Welcome to all you Wall Street Journalers that have been trolling the site of late. And thanks to the WSJ for the little mention in their Blog Watch column about wine blogs a few weeks back.

I was also quoted briefly in a WSJ article about underground restaurants:

Kitchen not so confidential:
Underground restaurants go public, lose cachet

by Hannah Karp of the WSJ

**as reprinted by the Pittsburgh Post-Gazette

A bone of contention with me they are–more for the ridiculous hyperbole and hubris that surround the few than the genre as a whole. (I railed on them here a few weeks back.) Hats off to the obsessed line cooks who want to be king for a night. I’ll buck up some cash for that. Flaming bag of poo to the hipsters that want to “force us to change the way we look at food.”

You want to change the way you look at food? Start by actually touching your turkey’s giblets. Milk a fucking goat. Visit a slaughter house. Make your own mozzarella, or sausage. I gaurantee one of those will do it, and how. But dinner with strangers at an undisclosed location?

Silly hipsters and your middle class punk rock ultra-lite.

I remember the interview and had no idea what nuggets might be extracted for print. My blurb is tiny. But it’s a good article, and I smirk inside knowing some of these spots will now be inundated with phone calls for having been outted. And big props to the mention of Portland’s Plate and Pitchfork, which holds dinner on a farm. It is not to be missed. These folks are actually walking the walk.
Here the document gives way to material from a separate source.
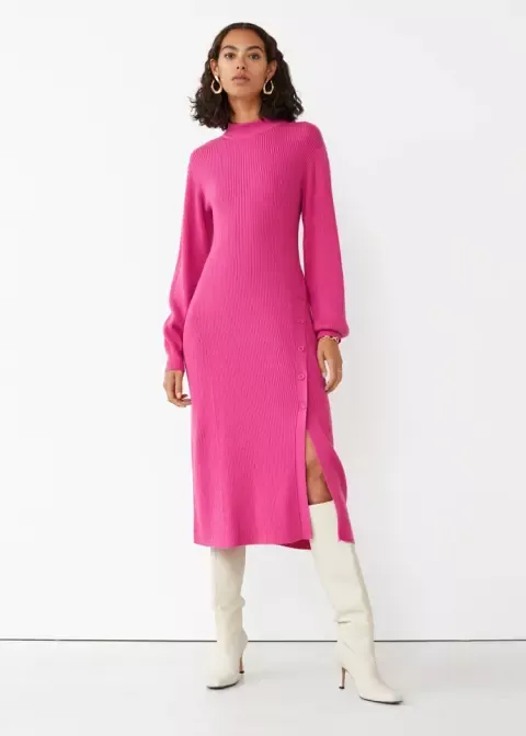 Růžové žebrované úpletové šaty, knoflíky a nízký rolák – kombinace, která zahřeje i na jaře.

But overall, I can’t help but say, good grief, Charlie Brown.
The restaurant has gone meta.
And the new trend is trend killing.
What’s next? Cats having dogs?

WHOA! No way…..


One Response to “A New New Thing: Partially Above-ground Restaurants?”

  1. Lisa Says:

    I spent a week at Quillasascut Farm in Eastern Washington. It made my train completely jump it’s track. I was there four or five years ago and I still think about what I learned and experienced there every single damn time I go shopping. EVerything we prepared and ate was the slow food mantra- fresh, local, seasonal. Rick and Loralee Misterly welcome anyone who is interested in learning more about what you shove into your pie-hole.